Report: China Expanded Nuclear Arms Stockpile in Coronavirus Era

AP Photo/Mark Schiefelbein
AP Photo/Mark Schiefelbein

China’s nuclear arsenal increased from 320 weapons in 2020 to 350 in 2021, according to a report published by the Stockholm International Peace Research Institute (SIPRI) on Monday.

“China is in the middle of a significant modernization and expansion of its nuclear weapon inventory,” according to the authors of the SIPRC study. The time period studied by the new paper includes the entirety of the Chinese coronavirus pandemic, a global crisis that significantly damaged most world economies but has resulted in an economic boom for the Chinese Communist Party (CCP).

“China now publicly displays its nuclear forces more frequently than in the past but releases little information about force numbers or future development plans,” the authors noted.

“Overall, inventories of nuclear warheads continue to decline,” the SIPRI report concluded. “This is primarily due to the USA and Russia dismantling retired warheads.”

“Global reductions of operational warheads appear to have stalled, and their numbers may be rising again. At the same time, both the USA and Russia have extensive and expensive programmes under way to replace and modernize their nuclear warheads, missile and aircraft delivery systems, and nuclear weapon production facilities,” according to the report.

“[B]y the end of 2020 Russia and the USA had still not agreed to extend their last-remaining bilateral nuclear arms control treaty, the 2010 Treaty on Measures for the Further Reduction and Limitation of Strategic Offensive Arms (New START), which was due to expire on 5 February 2021,” the SIPRI recalled.

“The fate of New START remained in the balance due to the different approaches and goals of the two sides: Russia focused on preserving the treaty, while the USA sought to convince China — with no success — to join the agreement and to make it more comprehensive in terms of the weapons covered and the verification measures imposed,” the institute noted.

Under the administration of U.S. President Joe Biden, Washington and Moscow extended New START on February 3, just two days before the deal was set to expire. As the SIPRI noted on Monday, the administration of former U.S. President Donald Trump sought to bring Beijing onboard New START but was met with a stiff rebuff from China’s ruling Communist Party. Biden chose not to continue the campaign.

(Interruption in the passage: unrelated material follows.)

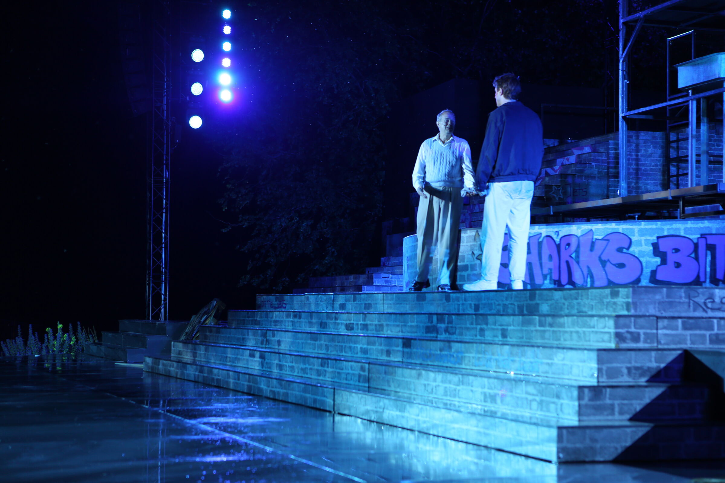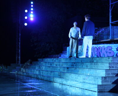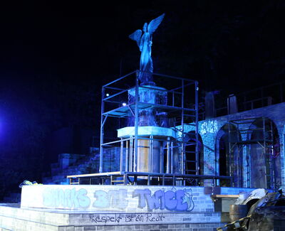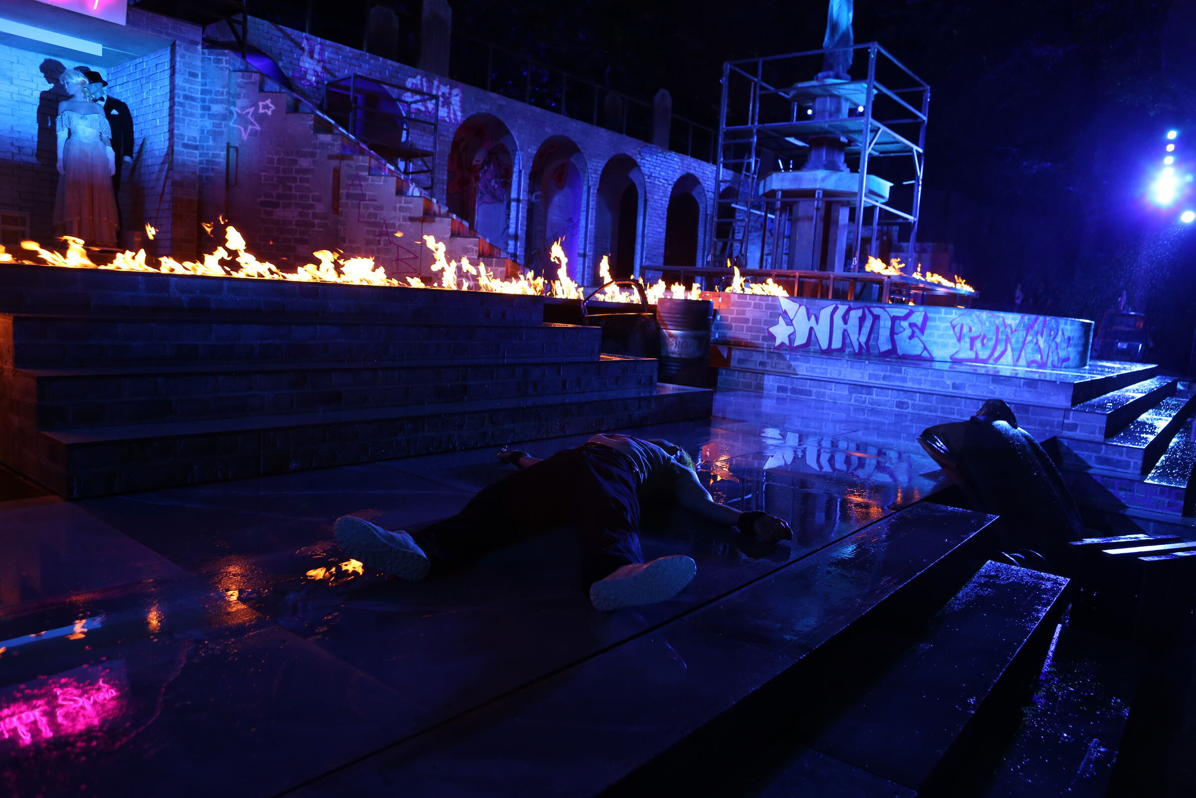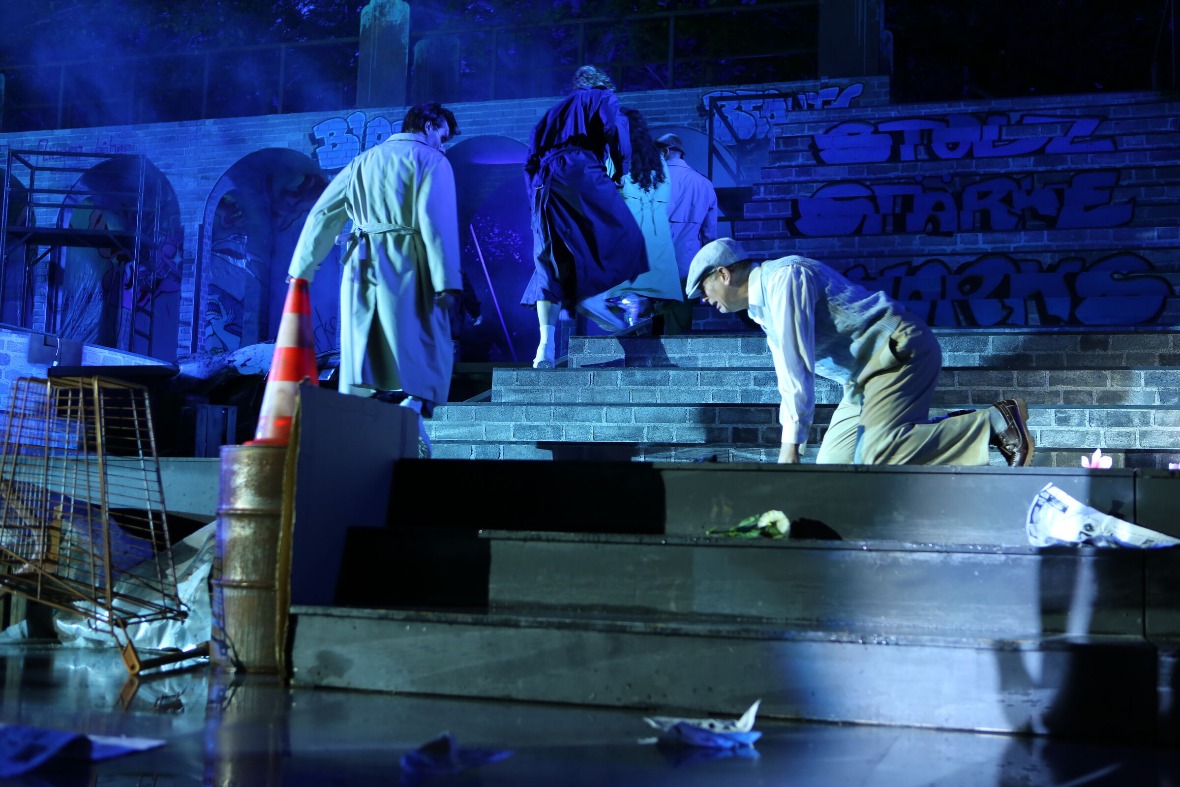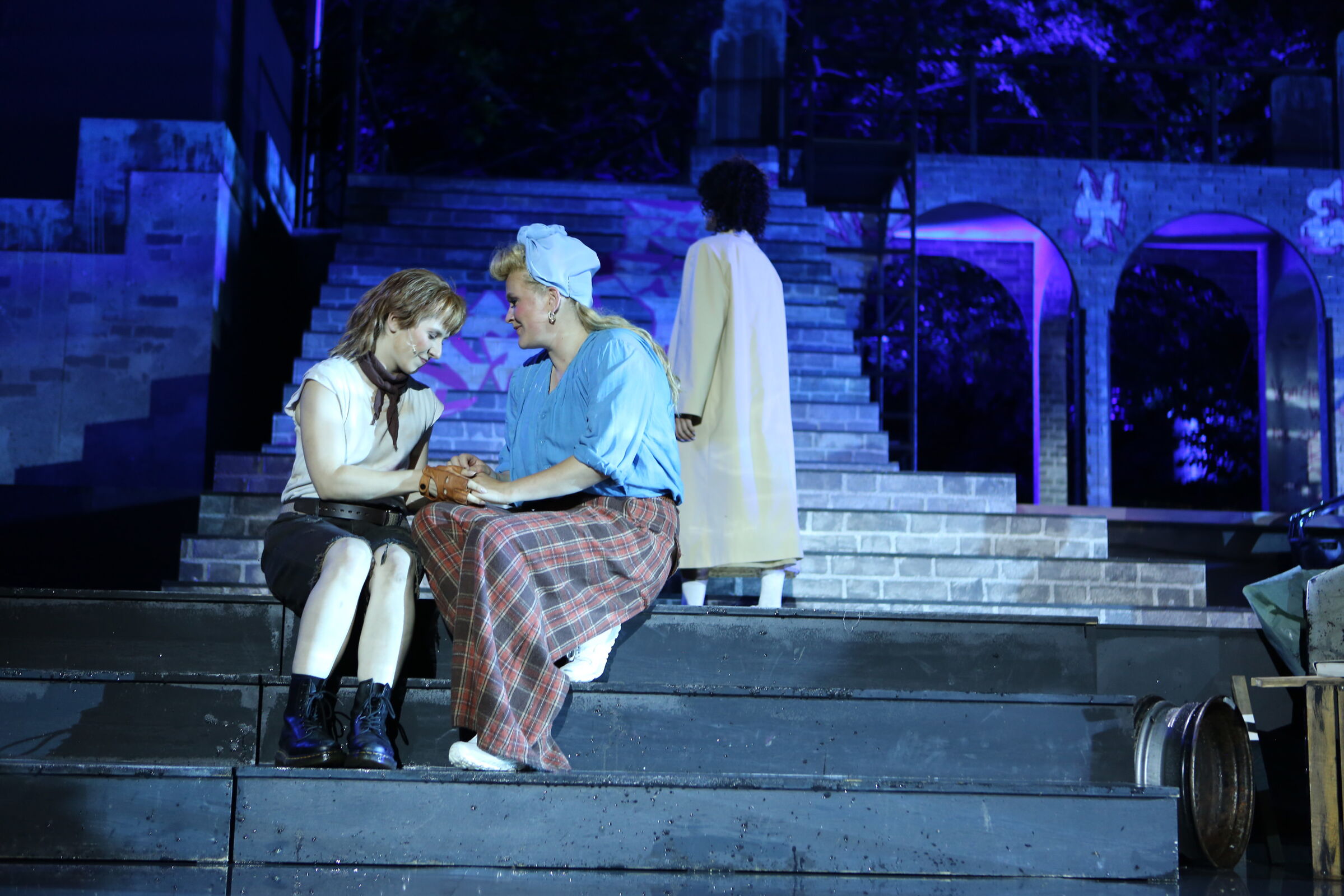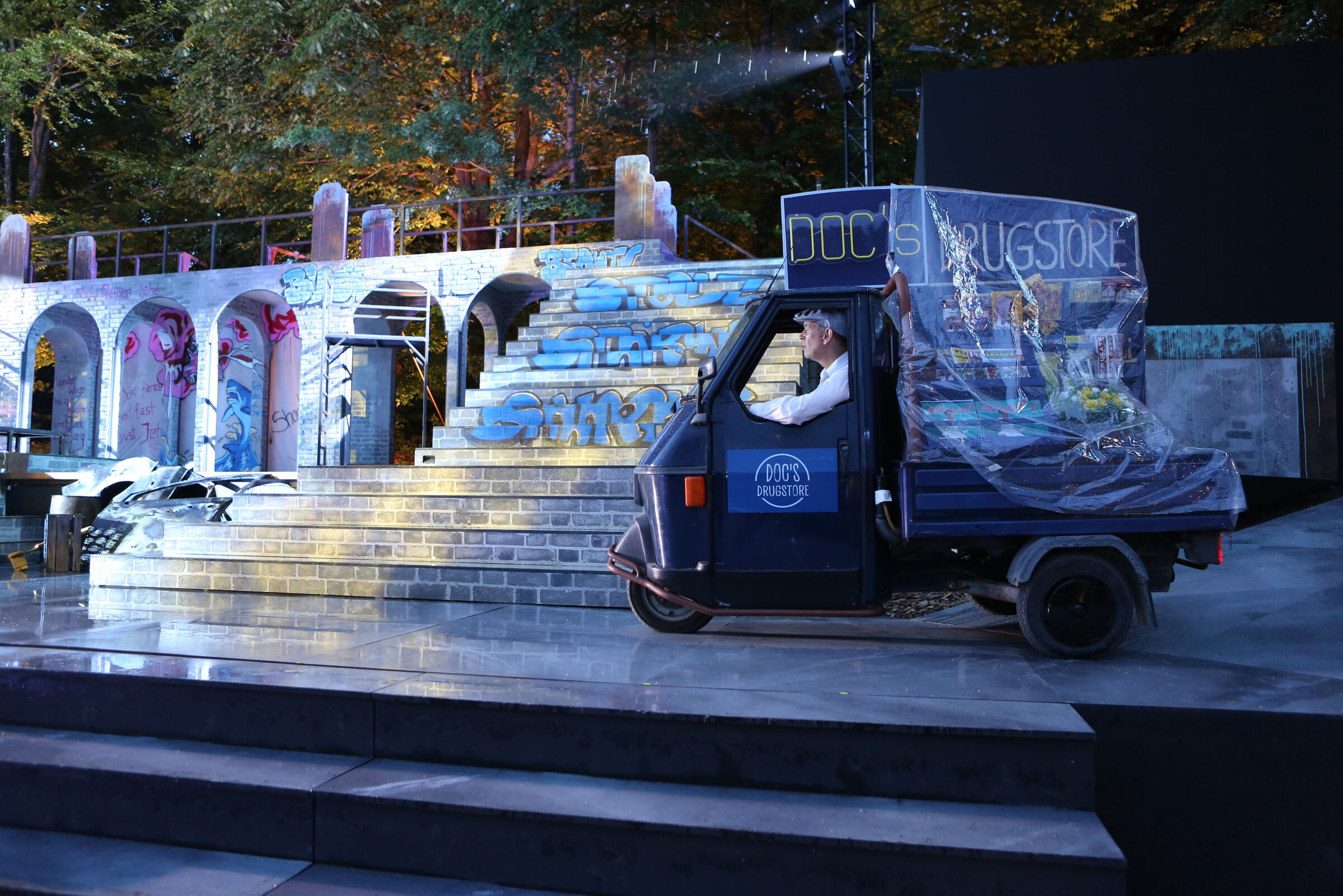 Da der Verlag für den Erhalt der Aufführungsrechte den Veranstaltern vorschreibt, das Musical im New York der 50er/60er Jahre anzusiedeln, lag es für mich nahe, die Szenerie in den Central Park zu legen. Bei meinen Recherchen bin ich auf Fotomaterial von der Bethesda Terrace und mit der im Vordergrund stehenden Bethesda Fountain gestoßen. Auch liegt dieser Platz mit seinem Arkadengang im Central Park am The Lake, so wie die neue Festspielbühne am Eutiner See. In meinem Bühnenbildentwurf sind aber die Arkaden mit den beiden großen Treppen, sowie der Brunnen mit dem Friedensengel nicht im schönen Sandsteinflair des Originalschauplatzes gestaltet, sondern alles ist viel verwahrloster und abgerockter, ein Lost-Place mit verrostetem Brunnen und Gerüsten. Eine in sich geschlossene, eigene Welt, in der Jets und Sharks, die beiden Gangs, nebeneinander existieren.

In response to the U.S.’s invitation to join a potential successor to the New START deal, Beijing in July 2020 claimed that it would “only join the talks if the US reduced its arsenal to match China’s much smaller nuclear deterrent,” Agence France-Presse reported at the time.

“China’s opposition of the so-called trilateral arms control negotiations is very clear,” Chinese foreign ministry spokesman Zhao Lijian said of the failed treaty.

“However, the US continues to pester China, even distorting China’s position,” Zhao claimed.